Of course, you need to learn AI, robotics, fintech, the next generation of management courses, and all the engineering bells and whistles. However, we must not leave the next generation with inadequate comprehension and skills for understanding nature. We must ensure that nature conservation is not merely lip service or a tool for politicised green activists. This can be achieved if natural sciences are given the respect they deserve at the school, undergraduate, and postgraduate levels.


Indeed, I am a plebeian, and you might feel that you, too, could write a rant about the plight of our urban lives. Urban development and municipal experts have many solutions to propose, but few are willing to take action. However, that is not the issue I wish to highlight. I aim to illustrate a much larger concern—that Indian city dwellers are disoriented and devoid of nature, lacking a guiding star to lead them toward a brighter future. Our cities of Mumbai, Delhi, Bengaluru, Ahmedabad, Kolkata, and Chennai have taken on characteristics reminiscent of Jetson-like cities. We show little regard for the Nagar Devata, Gram Devata, and Van Devata, who have protected the cities, towns, and forests that once surrounded us. We wait for formal governance to clean up our beaches, rivers, and ponds without making sufficient efforts to prevent pollution in the first place.
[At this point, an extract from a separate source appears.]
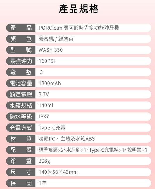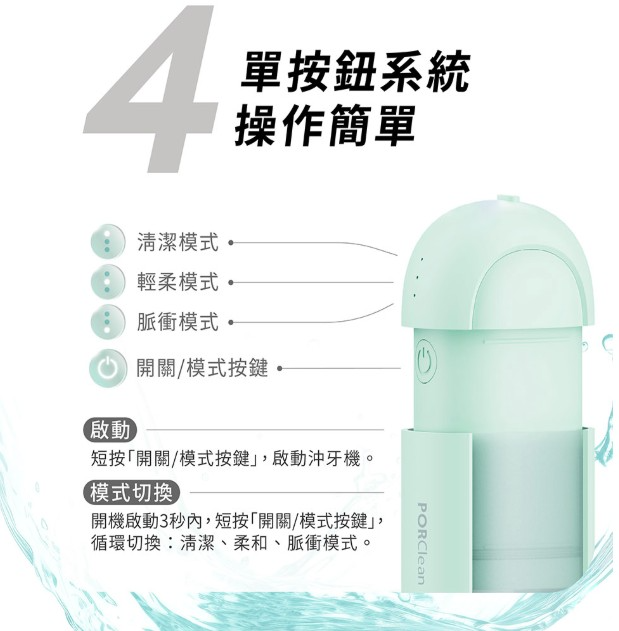 G-寶可齡PORClean WASH 330 時尚多功能沖牙機-綠薄荷

For those striving to grasp spirituality not through the Puranas and Aadi-Granth but through new-age podcasts, I recommend watching Vinay Varanasi’s podcast on Bhagavan Vishnu’s Dashavatar. If it is clear that Bhagavan Vishnu does not tolerate disregard for Bhudevi or Mother Earth, why do we, the devotees of Bhagavan Vishnu, continue to pollute our Mother Earth—her air, soil, waters, and sounds? Or have we taken Elon Musk's words at face value, assuming our next destination is Mars after destroying Earth, only to ruin Mars later, even worse than its current clinically sterile state? If that is the case, then bear with me when I say this: these Jetson cities stand on precarious pillars of ego, victimhood, apathy, and consumerism, waiting to be toppled either by the true harbingers of order or by false prophets. Therefore, teach the next generations to observe nature, appreciate our coexistence with other species, and venerate the forces of nature. By doing so, we humans will be good, at least for the next thousand years. If not, prepare for a bleak future by the end of this century.


(The author is a Space and Emerging Technology Fellow at the Centre for Security, Strategy and Technology, Observer Research Foundation, Mumbai. Views personal.)